2.2.2 Spherical Symmetry

Goldwirth and Piran [33] studied the onset of inflation with inhomogeneous initial conditions for closed, spherically symmetric spacetimes containing a massive scalar field and radiation field sources (described by a massless scalar field). In all the cases they considered, the radiation field damps quickly and only an inhomogeneous massive scalar field remains to inflate the Universe. They find that small inhomogeneities tend to reduce the amount of inflation and large initial inhomogeneities can even suppress the onset of inflation. Their calculations indicate that the scalar field must have “suitable” initial values over a domain of several horizon lengths in order for inflation to begin.

2.2.3 Bianchi V

Anninos et al. [5] investigated the simplest Bianchi model (type V) background that admits velocities or tilt in order to address the question of how the Universe can choose a uniform reference frame at the exit from inflation, since the deSitter metric does not have a preferred frame. They find that inflation does not isotropize the Universe in the short wavelength limit. However if inflation persists, the wave behavior eventually freezes in and all velocities go to zero at least as fast as tanh βR−1, where β is the relativistic tilt angle (a measure of velocity), and R is a typical scale associated with the radius of the Universe.

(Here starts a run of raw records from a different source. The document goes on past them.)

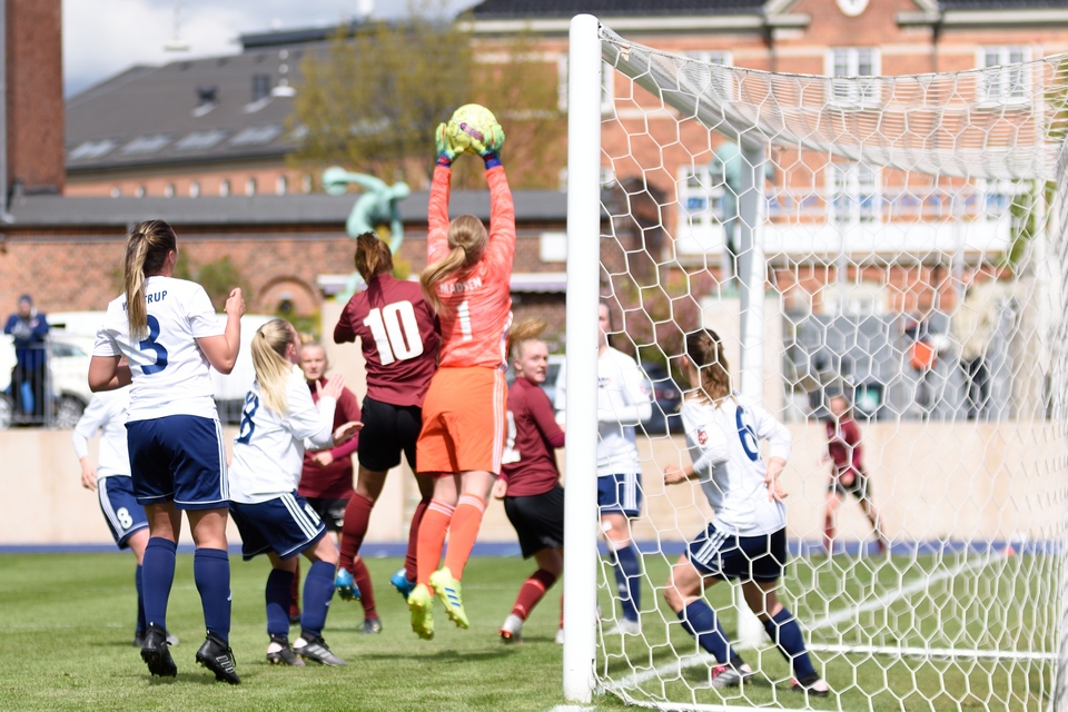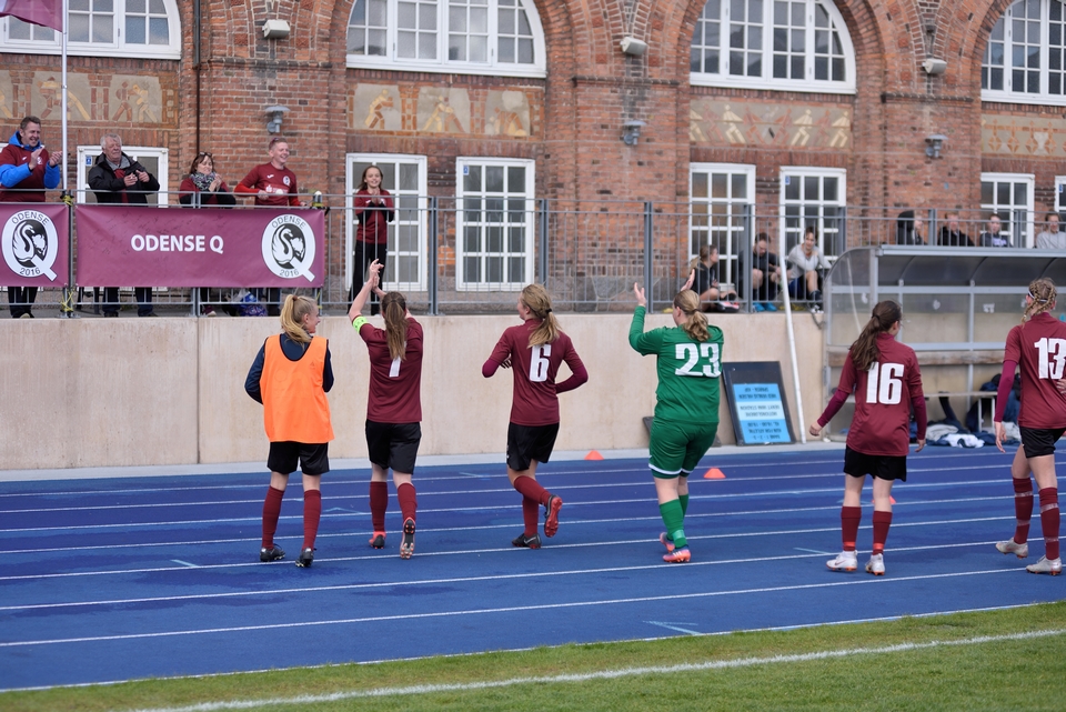 Odense Q-tropperne var bedst i kampens indledende fase, som bød på kvalificerede skudforsøg fra Malaika Din Hashmi og Fie Steenberg. Værterne kom bedre med og svarede igen midtvejs i første halvleg – først med en god mulighed til Michaela Schnack og senere et langskudsforsøg fra hollandske Paola Van der Veen.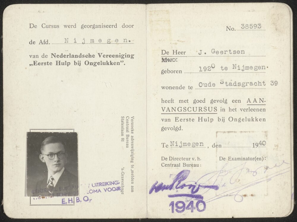 Eenheidsdiploma Eerste Hulp bij ongelukken op naam v...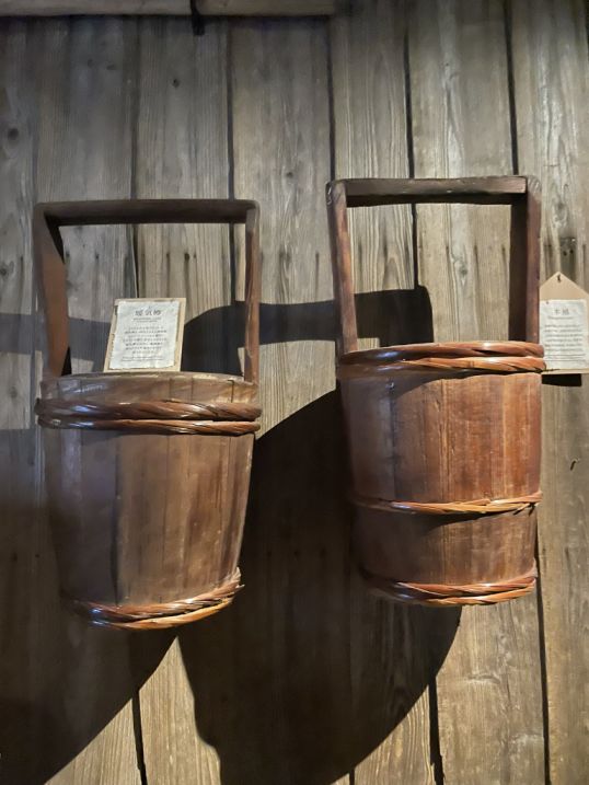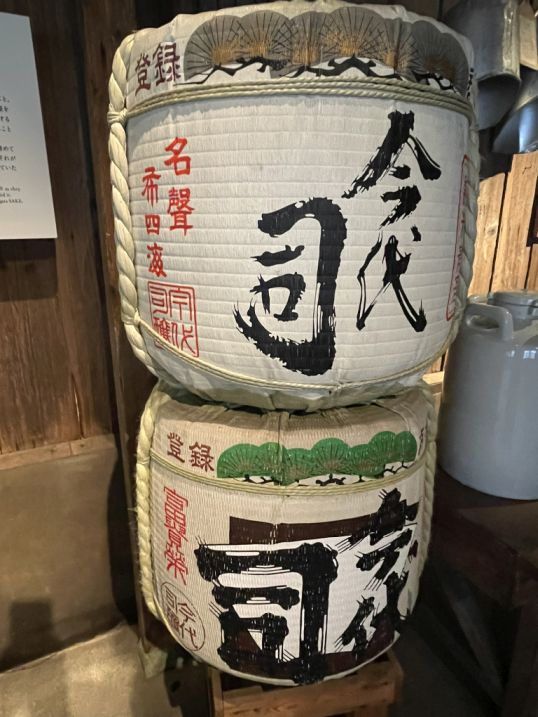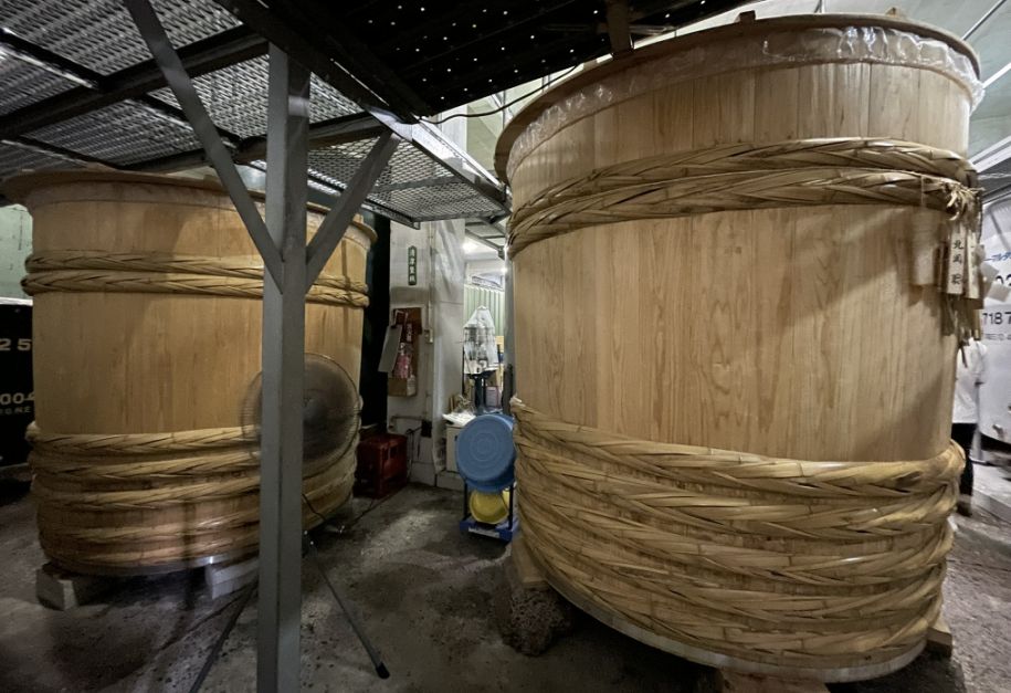 These massive wooden container are traditional sake fermentation and storage tanks, called kioke.

Their results indicate that the velocities eventually go to zero as inflation carries all spatial variations outside the horizon, and that the answer to the posed question is that memory is retained and the Universe is never really deSitter.

2.2.4 Λ + Gravity Waves

In addition to the inflation field, one can consider other sources of inhomogeneity, such as gravitational waves. Although linear waves in deSitter space will decay exponentially and disappear, it is unclear what will happen if strong waves exist. Shinkai & Maeda [58] investigated the cosmic no-hair conjecture with gravitational waves and a cosmological constant in 1D plane symmetric vacuum spacetimes, setting up Gaussian pulse wave data with amplitudes 0.02Λ ≤ max(√I) ≤ 80Λ and widths 0.08lHl ≤ 2.5lH, where I is the invariant constructed from the 3-Riemann tensor and lH = √3/Λ is the horizon scale. They also considered colliding plane waves with amplitudes 40Λ ≤ max(√I) ≤ 125Λ and widths 0.08lHl ≤ 0.1lH. They find that for any large amplitude and/or small width inhomogeneity in their parameter sets, the nonlinearity of gravity has little effect and the spacetime always evolves into a deSitter spacetime.

2.2.5 Three-D Inhomogeneous Spacetimes

The previous paragraphs discussed results from highly symmetric spacetimes, but the possibility of inflation remains to be established for more general inhomogeneous and nonperturbative data. To this end, Kurki-Suonio et al. [42] investigated fully three-dimensional inhomogeneous spacetimes with a chaotic inflationary potential V(ϕ) = λϕ4/4. They considered basically two types of runs: small and large scale. In the small scale run, the grid length was initially set equal to the Hubble length so the inhomogeneities are well inside the horizon and the dynamical time scale is shorter than the expansion or Hubble time. As a result, the perturbations oscillate and damp while the field evolves and the spacetime inflates. In the large scale run, the inhomogeneities are outside the horizon and they do not oscillate. They maintain their shape without damping and, because larger values of ϕ lead to faster expansion, the inhomogeneity in the expansion becomes steeper in time since the regions of large ϕ and high inflation stay correlated. Both runs have sufficient inflation to solve the flatness problem.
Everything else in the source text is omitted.